■ RECORDS PROVIDED:
● ● ● ●

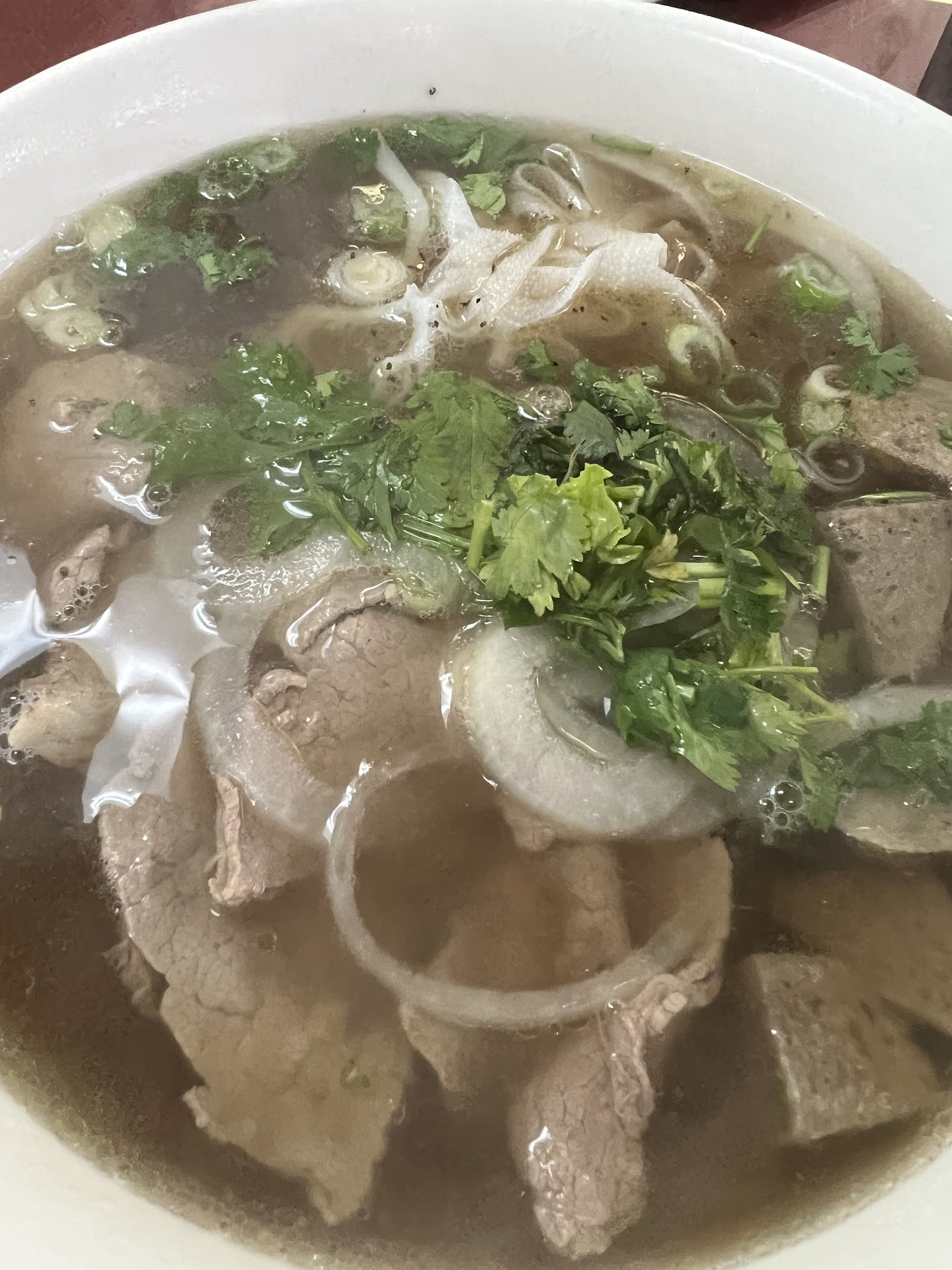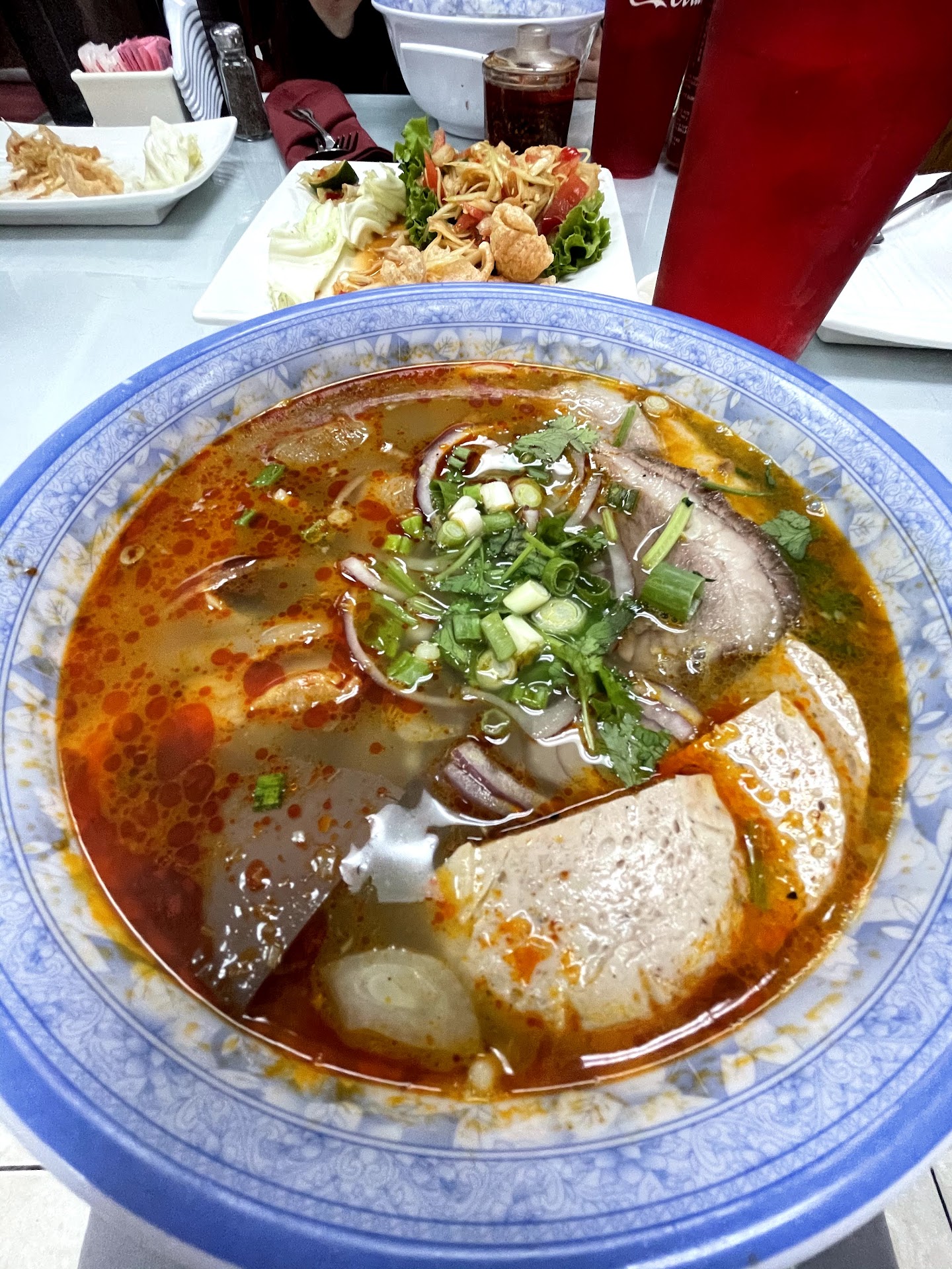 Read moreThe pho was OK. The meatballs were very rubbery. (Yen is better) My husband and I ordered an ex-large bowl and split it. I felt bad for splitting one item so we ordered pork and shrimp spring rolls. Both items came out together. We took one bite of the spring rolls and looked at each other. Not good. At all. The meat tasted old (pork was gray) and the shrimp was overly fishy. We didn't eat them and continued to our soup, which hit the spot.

● ● ● ●

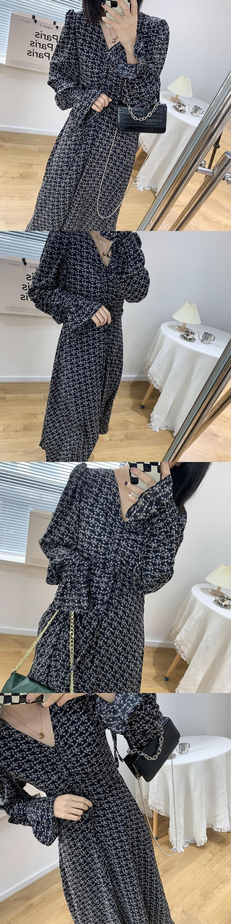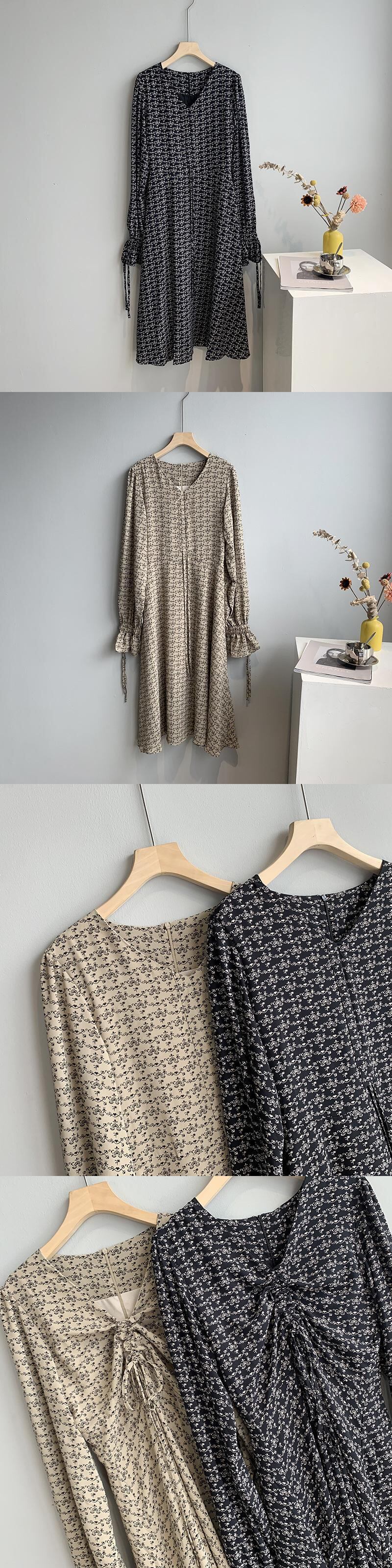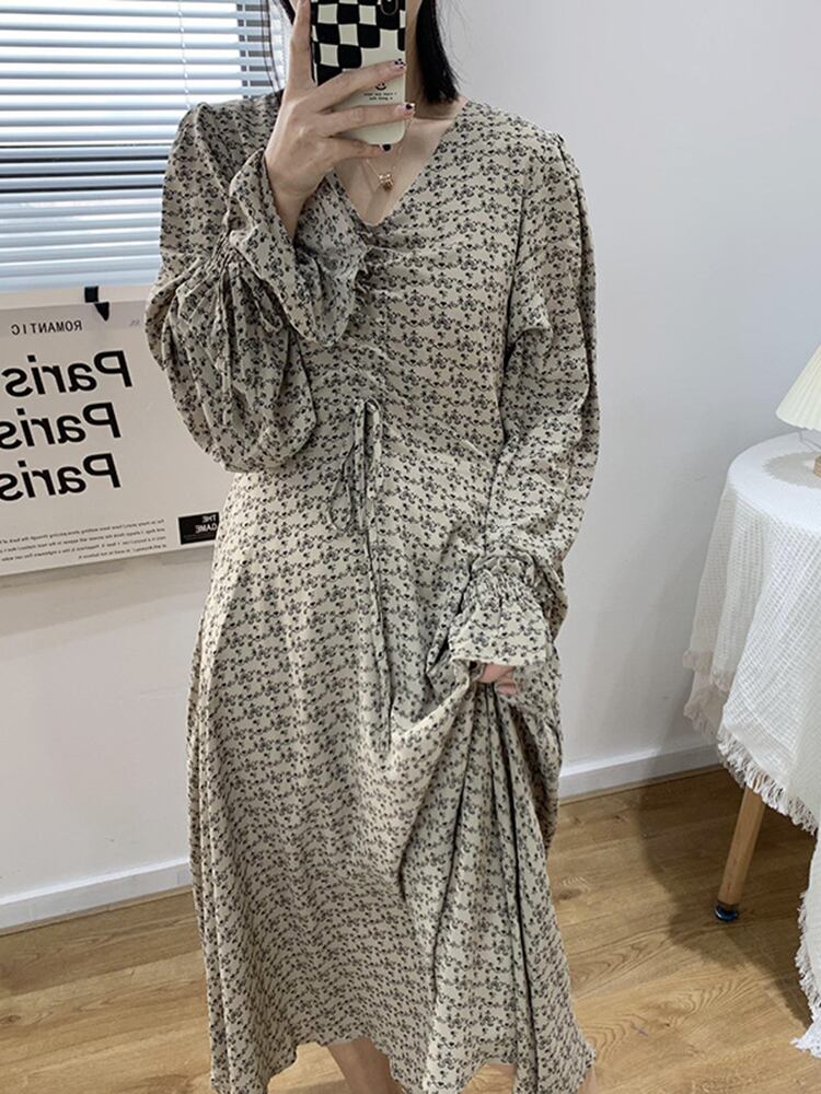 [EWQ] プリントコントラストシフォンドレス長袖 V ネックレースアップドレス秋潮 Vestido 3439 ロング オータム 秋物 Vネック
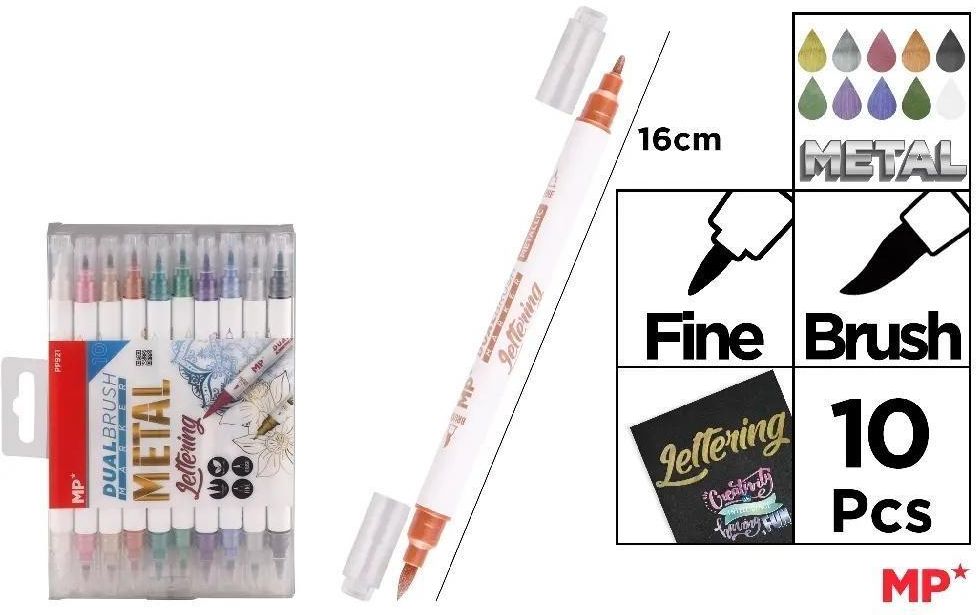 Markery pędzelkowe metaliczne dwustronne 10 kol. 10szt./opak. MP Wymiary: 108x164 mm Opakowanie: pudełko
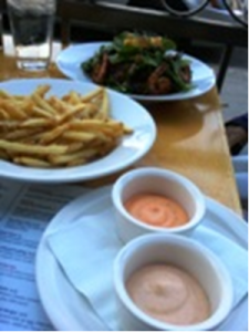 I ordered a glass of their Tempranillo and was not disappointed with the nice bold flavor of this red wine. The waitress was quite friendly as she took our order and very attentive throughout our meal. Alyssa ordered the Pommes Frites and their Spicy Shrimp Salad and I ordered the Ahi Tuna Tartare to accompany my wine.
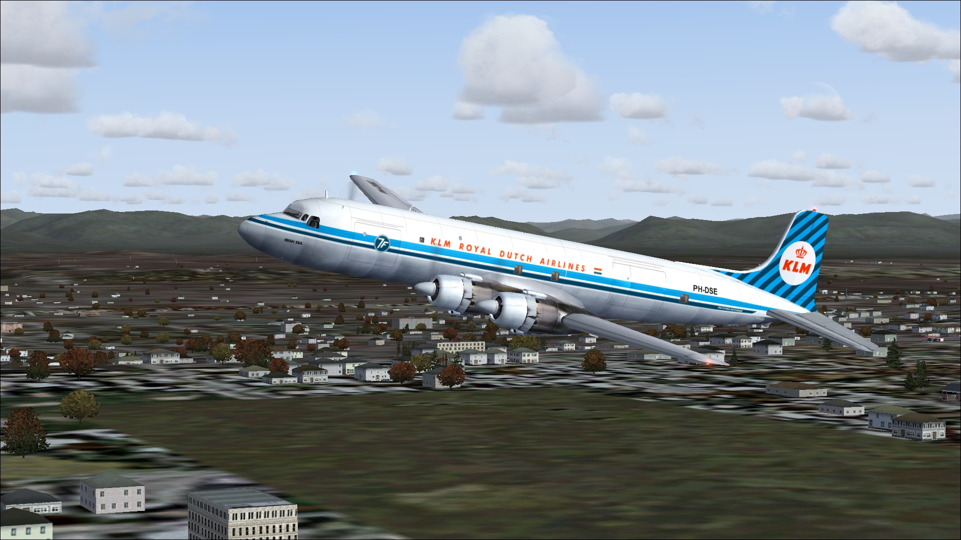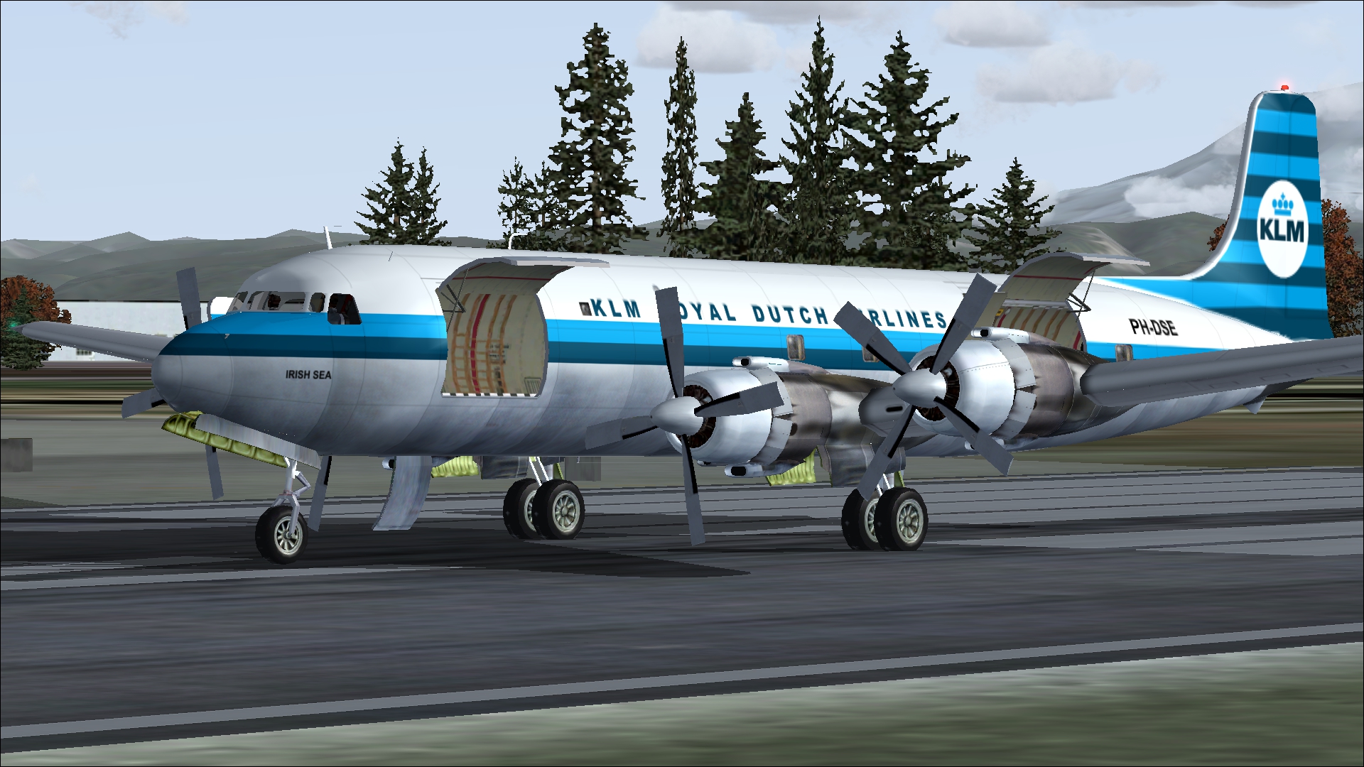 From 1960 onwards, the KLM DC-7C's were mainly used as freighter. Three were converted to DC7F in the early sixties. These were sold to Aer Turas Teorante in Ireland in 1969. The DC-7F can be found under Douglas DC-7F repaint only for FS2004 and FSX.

● ● ● ●

■ TASK STATEMENT:
Both the line containing "Markery pędzelkowe metaliczne" and the line containing "From 1960 onwards, the" above belong in the output, as do the lines between them. Print them exactly, without pictures.

■ ANSWER SPACE:
 Markery pędzelkowe metaliczne dwustronne 10 kol. 10szt./opak. MP Wymiary: 108x164 mm Opakowanie: pudełko
 I ordered a glass of their Tempranillo and was not disappointed with the nice bold flavor of this red wine. The waitress was quite friendly as she took our order and very attentive throughout our meal. Alyssa ordered the Pommes Frites and their Spicy Shrimp Salad and I ordered the Ahi Tuna Tartare to accompany my wine.
 From 1960 onwards, the KLM DC-7C's were mainly used as freighter. Three were converted to DC7F in the early sixties. These were sold to Aer Turas Teorante in Ireland in 1969. The DC-7F can be found under Douglas DC-7F repaint only for FS2004 and FSX.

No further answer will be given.